◆ Dataset extract
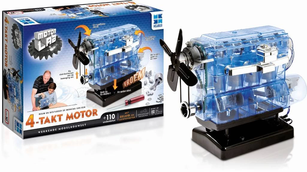Bouw en leer de werkingsprincipes van een motor dankzij deze modelbouwsets. Het zijn vereenvoudigde modellen van echte motoren. Er is keuze tussen 4 cilindermodel of een V8-motor. De sets bevatten alle nodige gereedschappen en onderdelen om de motor in elkaar te zeten. Daarnaast bevatten ze ook een montage- en informatieboekje dat je niet enkel stap voor stap begeleid tijdens het bouwen van je motor, maar ook nog extra info bevat over de werking van motoren, het onderhoud van echte motoren enz.
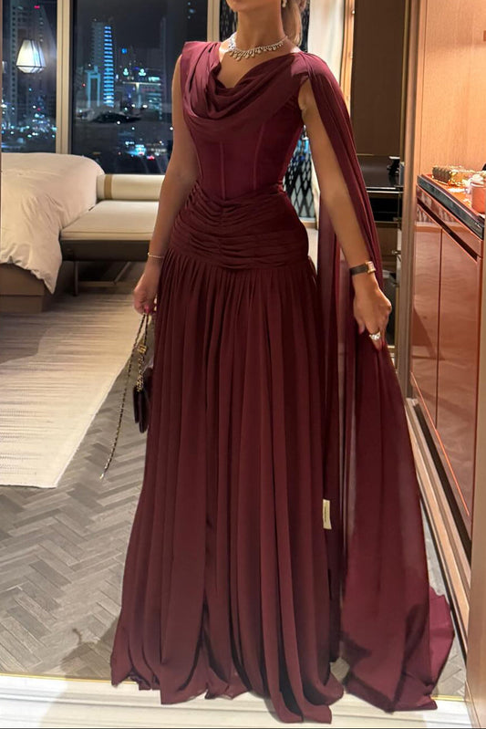 A-Line Scoop-Neck Off-Shoulder Sleeveless Pleated Chiffon Floor-Length Formal Evening Dress
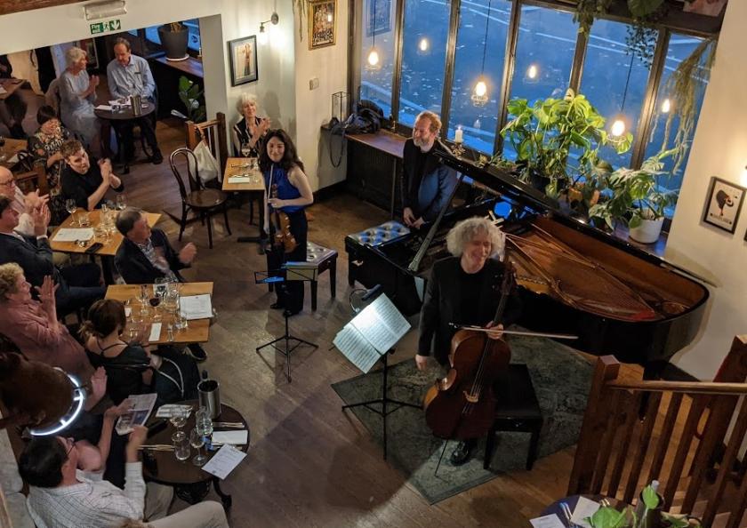 Fauré’s slow movement in his D minor Piano Trio, an astonishing, in-love-with-the-world feat from the outwardly frail end of his life, goes even further. As the violin and cello unisons grew ever more ecstatic, Isserlis seemed to be in another world, and then we were there too, without knowing how it had happened. The elusive harmonic journeys which make the composer unique among the late-romantics were effortlessly charted by Beatson; the uplift at the end was total. And then we had the perfect “good night” of an encore from, as Isserlis put it, the only German composer who could follow these French masters – Schumann’s “Duett” from his Op, 88 Fantasiestücke. All this, and the unbelievable good fortune of being a couple of metres away from these remarkable artists,, along with others in a star-studded audience: that’s the magic of the Fidelio Cafe

◆ What to work on
Exactly as they appear, transcribe the lines from the top of the material above through the line with "A-Line Scoop-Neck Off-Shoulder". Omit any picture.

◆ Written response
Bouw en leer de werkingsprincipes van een motor dankzij deze modelbouwsets. Het zijn vereenvoudigde modellen van echte motoren. Er is keuze tussen 4 cilindermodel of een V8-motor. De sets bevatten alle nodige gereedschappen en onderdelen om de motor in elkaar te zeten. Daarnaast bevatten ze ook een montage- en informatieboekje dat je niet enkel stap voor stap begeleid tijdens het bouwen van je motor, maar ook nog extra info bevat over de werking van motoren, het onderhoud van echte motoren enz.
 A-Line Scoop-Neck Off-Shoulder Sleeveless Pleated Chiffon Floor-Length Formal Evening Dress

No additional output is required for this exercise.